On the other hand, the 1:1 tutoring is bringing up some of the feelings I used to have about teaching in school…which is odd, because the setting couldn’t be more different.
Once again, I’m finding myself exhausted by the long hours–only now they’re spent commuting from one student’s home to another.
And the administrative busywork has been replaced by chitchat with the parents before and after the lesson.
(Not sure if they think this is their duty, or if they have questions they don’t know how to ask.
All I know is that sometimes I’m still standing there half an hour after the lesson is over…and no, I’m not getting paid for that overtime!)
But what really brought it home was my chat with the gardener today. I’ve been asking round for quotes for some landscaping work we need done, and the man I spoke with today seemed to be just the right person…but he was enormously expensive! His hourly wage was three times what I make for an hour of tutoring.
When I commented on this, he didn’t back down an inch. He knew what he was worth and stuck to it.
I found myself wishing that I could do that. I certainly put enough years into my education to warrant a higher wage than I’m making as a tutor. I have a Masters degree!
What it shows me is that I’m still not completely free to pursue teaching in the best possible way. There are still time, money and schedule constraints holding me back…and those constraints unfortunately affect my ability to do my best work for my students.
Am I crazy to think there has to be a different way to do this?
September 2012
Dear diary,
I don’t even know where to begin!
Sometime last spring, I started thinking of those writing courses I put together for Literary Chicks during my freelance days. So many parents were asking me to help their children study for exams, I thought it might be easier if I just put together an online course so that they could all get them help they needed at once.
I had no idea it would take off the way it has! And now I can’t believe I didn’t think of this before.

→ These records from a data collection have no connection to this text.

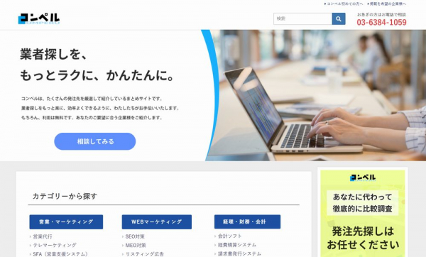 カテゴリー数日本最大級の製品サービス一括見積もり比較サイト「コンペル」がオープン!
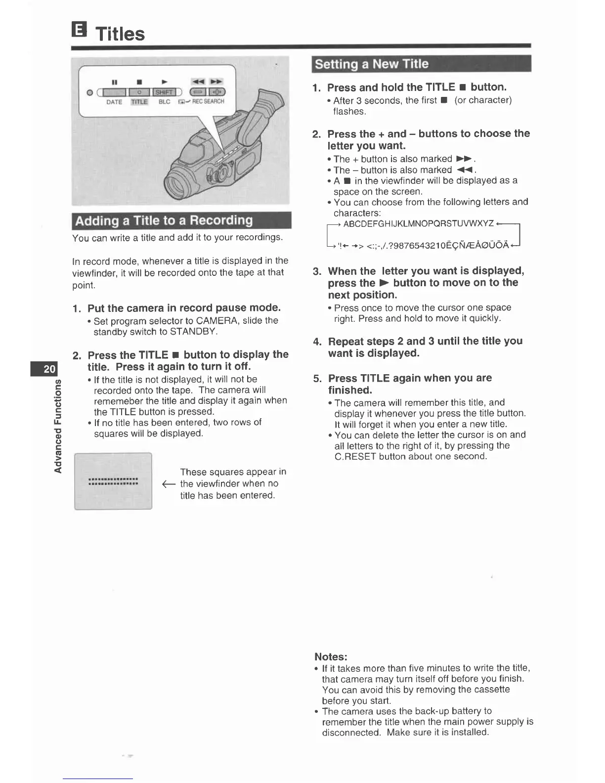 Canon UC 2000 E - Adding a Title to a Recording; Setting a New Title
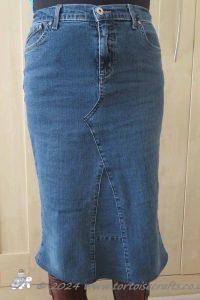 A quick iron and I had a finished skirt!!! Something I was really happy with, its comfortable to wear, helps its stretch denim, it’s a good everyday garment, that will work with my tops and shorter jumpers (those that I wouldn’t wear with just leggings) and will look good with my aran style cardigans! I can wear it over my leggings with my sheepskin boots in the colder days, but it will also work in the Spring and autumn. I can see this skirt getting a lot of wear.
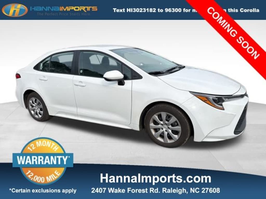 Why shop with Hanna Imports? We specialize in hand-selecting top-quality used cars, trucks, and SUVs for drivers across Raleigh, Durham, Cary, Chapel Hill, and the greater Triangle area of North Carolina. Our massive selection of 1,000+ vehicles on our Raleigh lot is carefully curated to include the most sought-after models, all priced below market value. We believe in transparency and efficiencyâ"our vehicles are aggressively priced from the start, which means no haggling, no hassle, and no wasted time. The price you see is our absolute best price. Whether you're coming from Wake Forest, Apex, Garner, or anywhere in central NC, weâre committed to making your car-buying experience smooth, affordable, and enjoyable. Come see why Hanna Imports is one of the most trusted used car dealerships in North Carolina! Used Toyota Corolla in Raleigh. Used Toyota Corolla in North Carolina, Corolla LE, Apple CarPlay/Android Auto, Exterior Parking Camera Rear, 16" Steel Wheels w/Covers, 4-Wheel Disc Brakes, 6 Speakers, ABS brakes, Air Conditioning, AM/FM radio: SiriusXM, Auto High-beam Headlights, Automatic temperature control, Brake assist, Bumpers: body-color, Delay-off headlights, Driver door bin, Driver vanity mirror, Dual front impact airbags, Dual front side impact airbags, Electronic Stability Control, Emergency communication system: Safety Connect (up to 10-year trial subscription), Fabric Seat Trim, Front anti-roll bar, Front Bucket Seats, Front Center Armrest, Front reading lights, Front wheel independent suspension, Fully automatic headlights, Illuminated entry, Knee airbag, Low tire pressure warning, Occupant sensing airbag, Outside temperature display, Overhead airbag, Panic alarm, Passenger door bin, Passenger vanity mirror, Power door mirrors, Power steering, Power windows, Radio data system, Radio: 8" Toyota Audio Multimedia, Rear anti-roll bar, Rear seat center armrest, Rear side impact airbag, Rear window defroster, Remote keyless entry, Speed control, Split folding rear seat, Steering wheel mounted audio controls, Tachometer, Telescoping steering wheel, Tilt steering wheel, Traction control, and Trip computer.
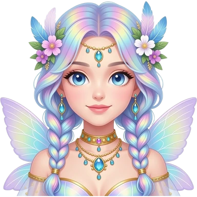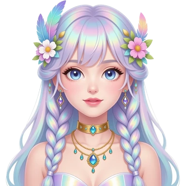 Beautiful gorgeous anime lady with beautiful iridescent-braided-hair, fashion aesthetic, ethereal, fairycore, pastelcore, feathers, flowers, gems, accessories, jewelries, gold, colorful emoji
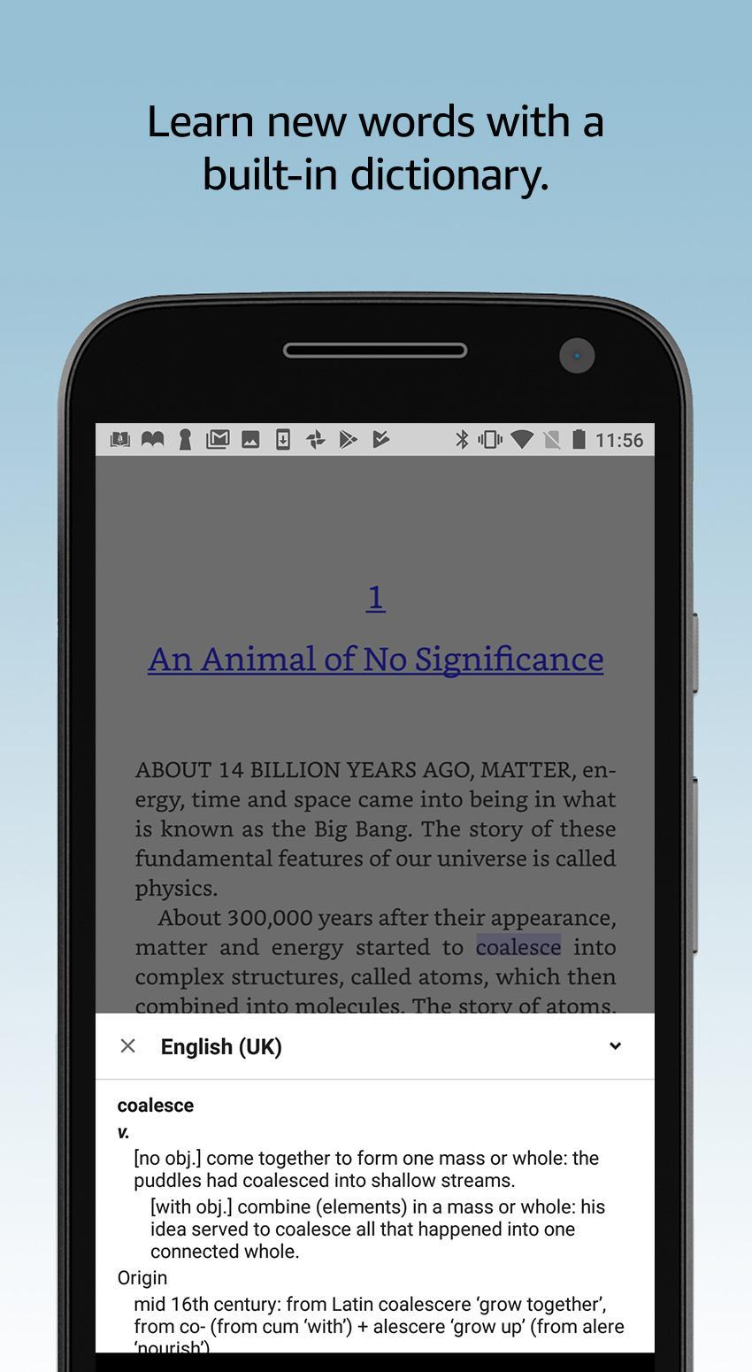 Learn new words – Kindle Lite's built-in dictionary lets you check the meaning of words right when you need them most.

Online tutoring has completely changed everything for me. Now I get to do what I love most, on my own schedule, from the comfort of my own warm lounge!
No more cold winter night excursions to homes all over town.
No more time wasting in obligatory chats with parents
No more envying the manicurist or the gardener for their superior salary.
With online tutoring, I can combine pupils into classrooms based on their age, level and subject. I can tutor them all together and, as a result, make a higher hourly wage.
(Of course, there are some parents who still want one-on-one tutors for their children–and for those intensive sessions, I price my time higher. Voila!)
I set my own schedule, which means I’m available to the family when they need me. I can even take days off, when I need to.
I’m finally free to do my best work.
I focus on the things that I’m good at and get other people to do the things I hate. Everyone is happy.
Yesterday, I woke up and found that four new people had signed up for my course in English…and they were from all over the country.
I even had an enquiry for grammar lessons from a student in The Philippines. I can’t remember when I last felt this good about my work.
There’s nothing so validating as knowing that what you’re offering is solving a problem for other people.
That’s the thing I’m starting to realise: more and more people are looking online for their children’s education needs.
It’s just the era we live in: digital classrooms are becoming the new normal. I have to say that I feel quite proud (and very lucky) to have discovered this. It will be exciting to see where it leads.